**Problem to work on**. Repeat the data in full. Drop every picture.

START Data block

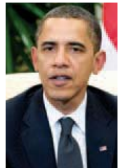
Presidente dos EUA está agora na China para visita

Périplo. Ontem, Obama chegou a Xangai, China, para a penúltima etapa de um périplo de uma semana pela Ásia Oriental, que terminará na Coreia do Sul.
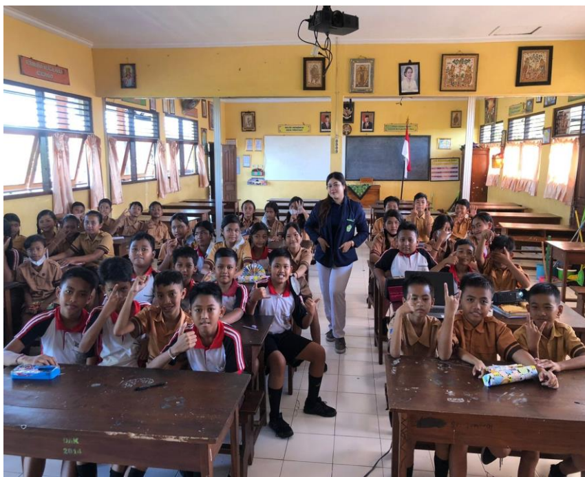
Dokumentasi 4 Foto bersama
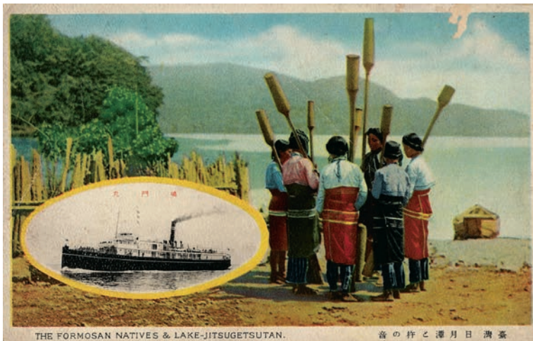
大阪商船株式會社發行的明信片〈臺灣日月潭與杵音〉上可見鳴門丸輪船，這個日月潭原住民杵音的畫面屢屢出現在日治時期觀光明信片，成為華麗島的經典圖象。

END Data block

**Task answer**.
Presidente dos EUA está agora na China para visita

Périplo. Ontem, Obama chegou a Xangai, China, para a penúltima etapa de um périplo de uma semana pela Ásia Oriental, que terminará na Coreia do Sul.
Dokumentasi 4 Foto bersama
大阪商船株式會社發行的明信片〈臺灣日月潭與杵音〉上可見鳴門丸輪船，這個日月潭原住民杵音的畫面屢屢出現在日治時期觀光明信片，成為華麗島的經典圖象。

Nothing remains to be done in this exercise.